In the invitation to the February 25th Health Care Reform Summit, the White House says the following according to Ezra Klein's Wahington Post blog.
Since this meeting will be most productive if information is widely available before the meeting, we will post online the text of a proposed health insurance reform package. This legislation would put a stop to insurance company abuses, extend coverage to millions of Americans, get control of skyrocketing premiums and out-of-pocket costs, and reduce the deficit. It is the President’s hope that the Republican congressional leadership will also put forward their own comprehensive bill to achieve those goals and make it available online as well.
Klein notes that the White House has thus promised completion of a compromise between the reform packages passed by the House and Senate by February 25. The President also seems to be forcing the GOP to come off of merely trashing Democratic proposals and either state and defend a package of their own or admit they don't have one that will meet all of his objectives.
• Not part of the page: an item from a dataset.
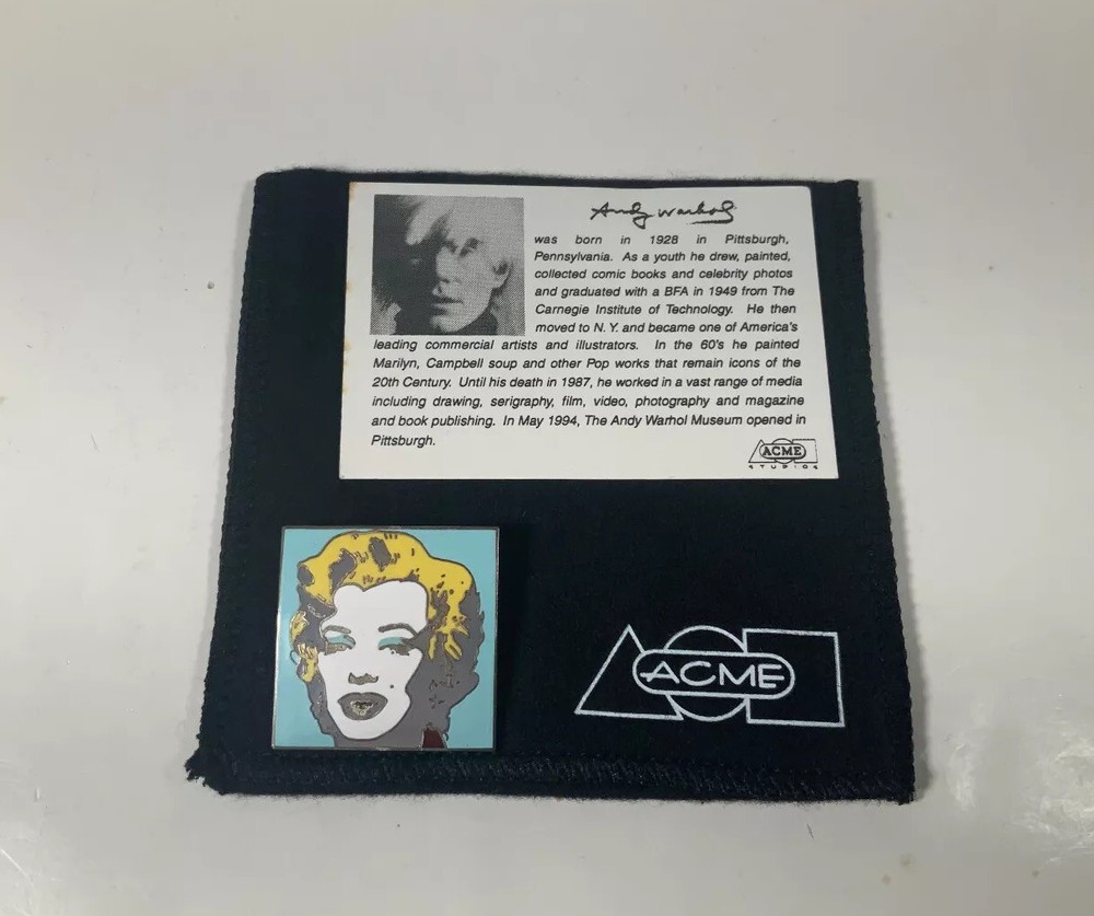 Vintage ACME Studio ANDY WARHOL "Marilyn Light Blue" Cloisonné Enamel Brooch Rare Vintage brooch which is part of a collection of jewelry by Andy Warhol. Made in the 1990s licensed by The ANDY WARHOL Foundation for the Visual Arts. Never been worn, in excellent condition, but the back shows its age. Comes in an original black ACME flannel pouch. About ACME Studio Started in 1985, ACME Studio is an international product design company, producing and marketing writing instruments, and other design objects. Its products are the result of cooperation with the world’s leading architects, designers, artists, foundations, estates and institutions. ACME Studio has a habit of producing limited editions and/or discontinuing products and destroying the molds – this causes items to become very unique and collectible. Check out our eBay storefront for more ACME Studio products! https://www.ebay.com/str/designmafiastore WE COMBINE SHIPPING! Upon payment we will pack a multiple item order to determine actual shipping cost so that we can then 'rebate' the appropriate combined shipping amount from the purchase payment in reasonable time. Any requests from buyer requiring any special packing and/or boxing, product packaging, or anything relating to combined shipping may incur an additional handling fee. Buyer will be notified in advance.

David Herszenhorn reports in The New York Times health care blog Prescriptions that this has drawn fire from House GOP leaders John Boehner (R-OH), Eric Cantor (R-VA) and Mike Pence (R-IN).
House Republican leaders on Friday demanded that House and Senate Democrats halt their ongoing efforts to resolve differences between the versions of major health care legislation adopted by each chamber late last year. In a letter to House Speaker Nancy Pelosi and the Senate majority leader, Harry Reid of Nevada, the House Republican leaders asserted that the efforts by Democrats to reach a compromise plan would undermine negotiations at a bipartisan summit scheduled by President Obama for Feb. 25.
But in their letter, House Republicans suggested that the ongoing work by Democrats to resolve their differences would amount to a “backroom deal among the White House and Democratic leaders” that would “make a mockery of the president’s stated desire to have a ‘bipartisan’ and ‘transparent’ dialogue.”
Klein on the GOP response:
The Republican response to this is that they're demanding that the House and Senate refrain from coming up with any unified plan before the summit, which is sort of an odd argument. In essence, the Republican position is that a free and frank exchange of ideas sounds great as long as the Democrats don't bring their ideas.
The fact that Republicans are making bizarre requests to change the rules of the summit rather than just ignoring the gambit altogether suggests they've not figured out how to deal with the event. This is the first time since the Massachusetts election, in fact, that's it's been them, rather than the Democrats, who've seemed confused. The White House deserves some credit for that, and we'll see if they can keep congressional Democrats in line long enough to press the advantage.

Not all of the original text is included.